Due to system design constraints, confidence intervals around scores and raw data lineage are not provided through any interface or documentation. Although this limits direct visibility into certain bias detection premises, it aligns with provider assessments weighing user cognitive capacity and data privacy trade-offs.

---

**Control and Intervention Functionalities**

To empower supervisors with the ability to intervene in AI operations where necessary, the HMI incorporates interactive controls enabling immediate cessation of scoring operations. The system’s operational logic ensures that any interruptions trigger atomic rollback procedures preserving the integrity and consistency of stored competency records.

These intervention capabilities cater to Article 14(4)(e) requirements and are complemented by built-in data validation and anomaly detection routines that either prevent erroneous outputs or flag data issues warranting supervisor attention before score dissemination.

---

**Processing Activities and Special Category Data Handling**

The AI system processes only standard educational performance data and interaction logs collected and pseudonymized in compliance with GDPR requirements. It explicitly avoids reliance on special categories of personal data, mitigating the need for justifications related to their processing for bias detection as per Article 14(4)(f).

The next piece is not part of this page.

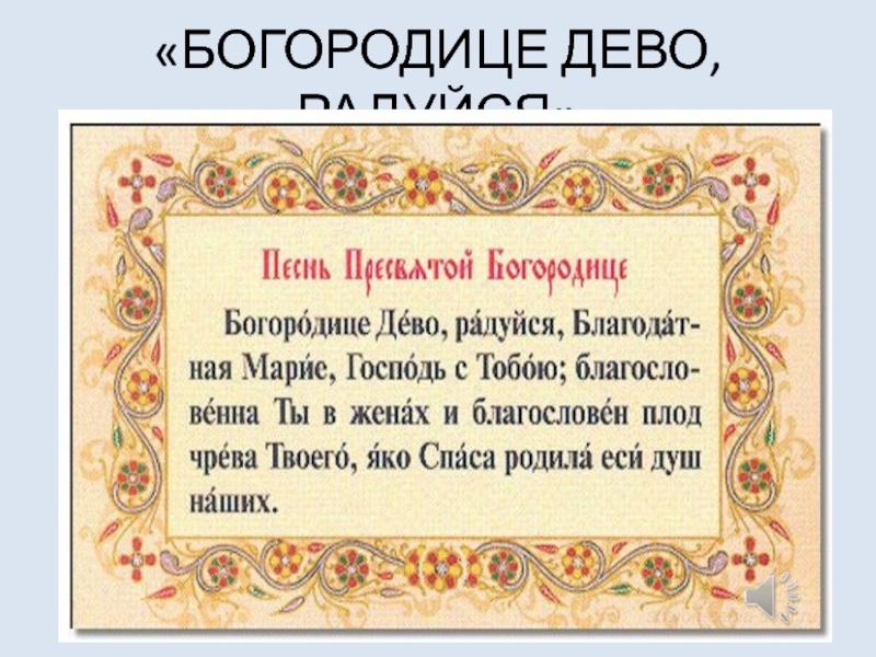 Слайд 9«БОГОРОДИЦЕ ДЕВО, РАДУЙСЯ»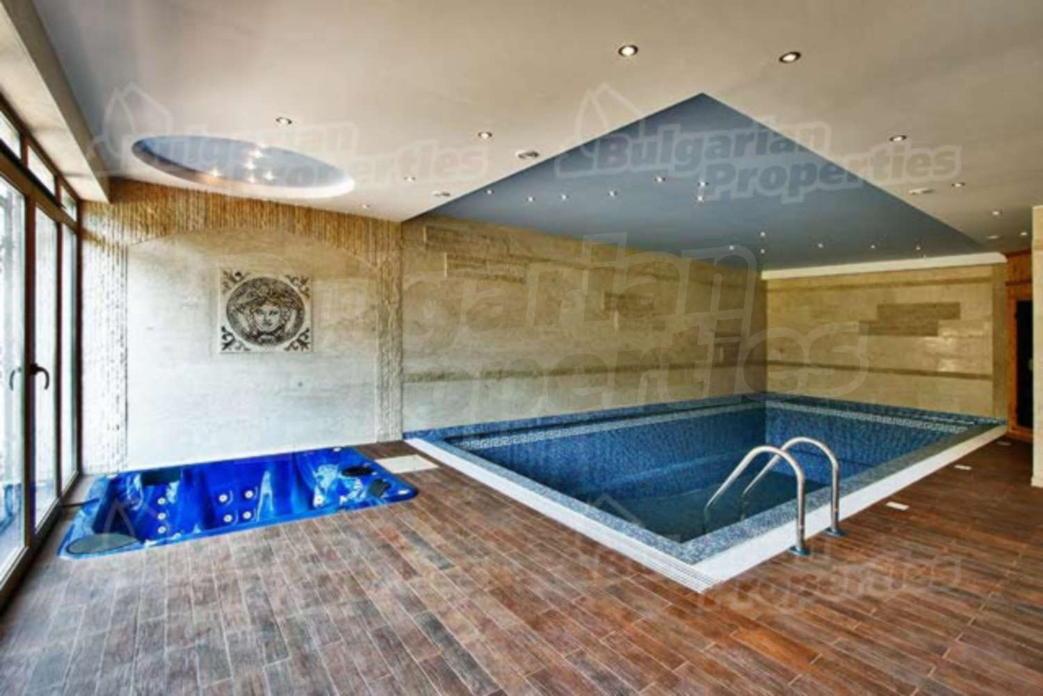 На этом этаже расположена просторная гостиная со столовой, встроенная итальянская кухня фирмы “Scavolini” с барной стойкой и бытовой техникой „Siemens”. Везде установлены французские окна, которые обеспечивают солнечный свет и настроение. Потолок навесной с встроенным осветлением. Массивные колонны из мрамора также дополняют интерьер дома. Стены окрашены латексом, на полу азиатский паркет из мербо, а кафель - фирмы „Versace”. Из гостиной можно пройти к большому внутреннему бассейну и джакузи. Есть отдельное помещение для сауны, ванной и туалета. Имеется спальня для гостей и предусмотрена комната для библиотеки.

During development, an internal bias correction workflow analysing fairness across demographic subgroups was conducted using aggregate and pseudonymized metrics, fully compliant with data protection principles, and documented accordingly without recourse to sensitive personal data.

---

This documentation reflects the provider’s technical design and operational measures oriented towards enabling effective but scoped human oversight aligned with system capabilities, balancing transparency, interpretability, and data privacy in the context of a high-risk vocational competency assessment AI system.